CV — Target detection: letterbox
- Reprint please note the original sources, thank: blog.csdn.net/pentiumCM/a…
CV – Target detection: letterBox
I. Related concepts
-
The letterbox:
-
Concept:
In most target detection algorithms, since the convolution kernel is square (not excluding the case that the convolution kernel has a rectangle), the size of the model input image also needs to be square. However, most of the images in the data set are basically rectangular, and resize the image directly to the square will lead to image distortion, such as the objects in the slender image will become deformed.
The letterBox operation: When resize the image, scale the image in the same proportion as the aspect ratio of the original image.
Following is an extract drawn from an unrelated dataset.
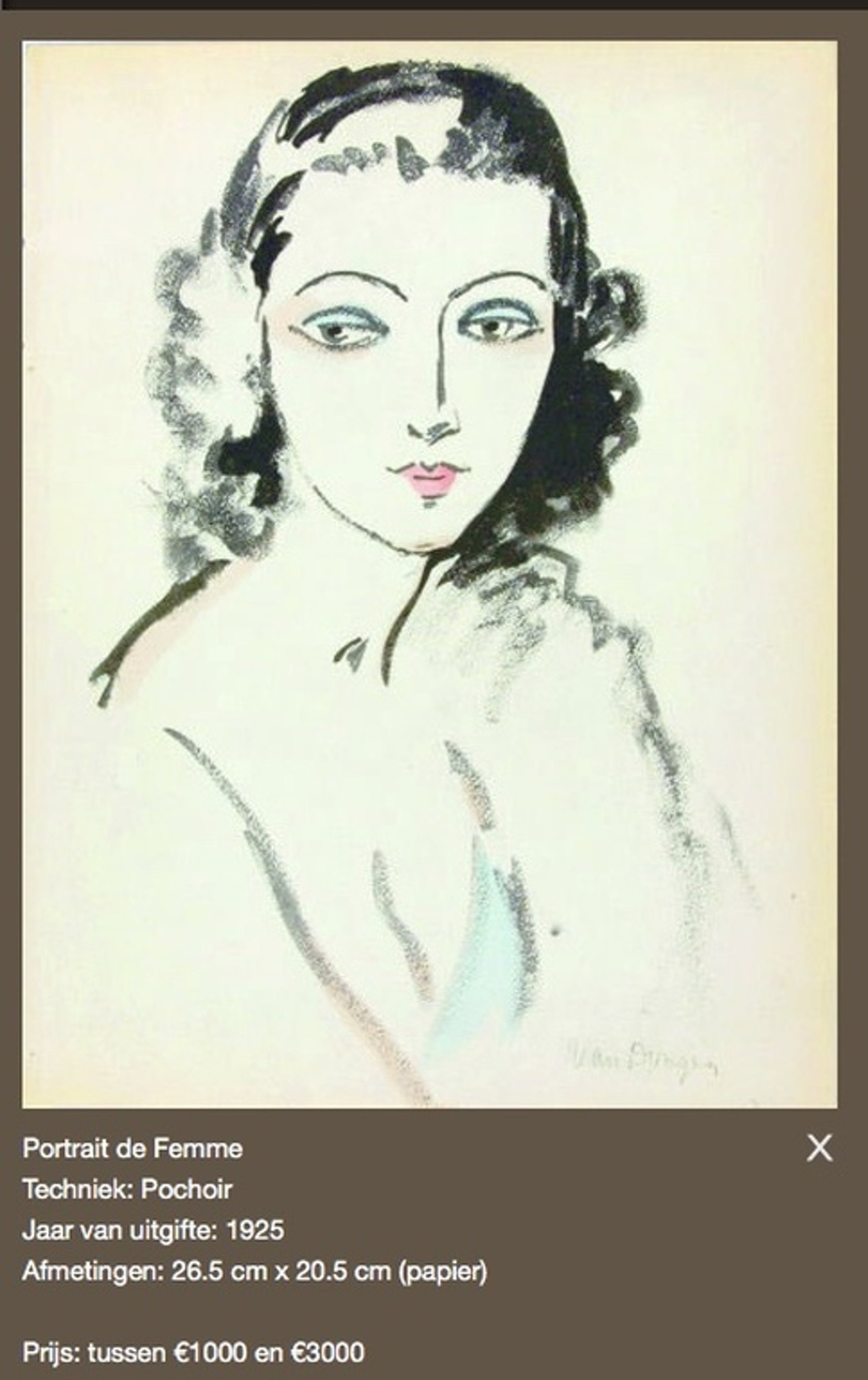In 1925 verscheen het boek "Van Dongen " door Ed.des Courieres ,uitgegeven door Henry Fleury.In dit boek zijn 8 pochoirs van Kees van Dongen opgenomen. Referentie : bladzijde 136-137 van "Juffermans",editie 2010. Deze geadverteerde pochoir is een van de meest populaire van de 8.Meestal geven gevestigde galeries geen vraagprijs bij hun collecties op Internet.Ik heb er twee ,(geanonimiseerd) gevonden om u een indruk te geven van de commerciële waarde van deze mooie pochoir(foto's 6 en 7).Afmetingen : 26,5 x 20,5 cm. In steen gesigneerd,rechts onder.De kleuren zijn goed geconserveerd en helder,want is deze week uit voornoemd boek gehaald . Wanneer u hem laat inlijsten kan het er uitzien als op foto 4...Linksboven aan zit een klein vochtvlekje ,niet gek bij een object van >90 jaar.Verzendkosten afhankelijk van gewenste wijze van verzenden. Van 2,90(standaard) tot 8,15 Euro (aangetekend).

When the long side is resized to the desired length, the rest of the short side is filled with grey.
-
Added a point:
- In the field of target detection, letterBox operation is performed on the data set image, and letterbox operation is also required on the annotation box.
-
Related algorithms:
Letterbox is used in the image preprocessing of YOLO, SSD and other algorithms.
-
Two, code implementation
(1) Python code
-
Example description:
-
The resize directly:
As we observe from the following figure, the original picture is on the left, and the picture after direct resize is on the right. It is obvious that the distortion of the car in the picture on the right is distorted
-
The letterbox operation:
In the figure on the right, we kept the length ratio of the original figure during resize, and filled the insufficient parts in the upper and lower parts with gray.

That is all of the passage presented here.